Katya Muraviova and her daughter Sasha arrived to the United States in July as part of the Uniting for Ukraine program.

KNOXVILLE, Tenn. — Katya Muraviova and her daughter Sasha lived a simple yet beautiful life in their home country of Ukraine.

"We were happy," Muraviova said. "For example, my family lived together. Also, my daughter could go to school and meet her friends every day."

But that simple life came crashing down when Russia invaded Ukraine last February.

"Everything was destroyed," she said. "We were afraid, really scared about everything and a lot of people died in our country."

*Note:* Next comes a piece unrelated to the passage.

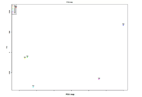 PCA分析橫坐標(biāo)代表著第一主成分,縱坐標(biāo)代表第二主成分,可以根據(jù)圖看出在第一主成分方向上樣本的距離越近,說明它們的主成分越相近,相關(guān)性越高。

So the mother-daughter duo was forced to trade the streets of Ukraine for the playgrounds at Lakeshore Park in Knoxville. They came to the United States as part of the Uniting for Ukraine program, which provides a pathway for Ukrainian citizens and their immediate family members who are outside the U.S. to come to the country and stay temporarily in a two-year period of parole.

Muraviova said, though, adjusting to life in Knoxville hasn't been easy. Her husband and her parents are still in Ukraine, so she hopes to be able to return there sometime soon.

Regardless, she said she is grateful for the help she has received from groups like Bridge Refugee Services and from volunteers. 

"They help us and they found an art class for my daughter, for example," she said. "Also, I have a problem. I have never driven a car and they help me with that."

Muraviova and her daughter actually got to celebrate their first American Thanksgiving last week.

"I tried for the first time in my life stuffing with corn," Muraviova said while laughing. "Yes, it is unusual and it is tasty."

The duo is now gearing up to celebrate its first Christmas in East Tennessee.

"It will be very beautiful and now I can see a lot of Christmas stuff in the shops," she said. "And I think happiness is in the air, so, you know, it makes me happy and I am glad to be here, to be close to people who celebrate this holiday."

And with the situation back home in Ukraine, Muraviova will use all of the happiness she can get. Despite all of that, she said she is extra thankful this year because both her daughter and herself got another chance at life.

"I am thankful that we can be part of another community life," she said. "It is important to be close to another people, good people."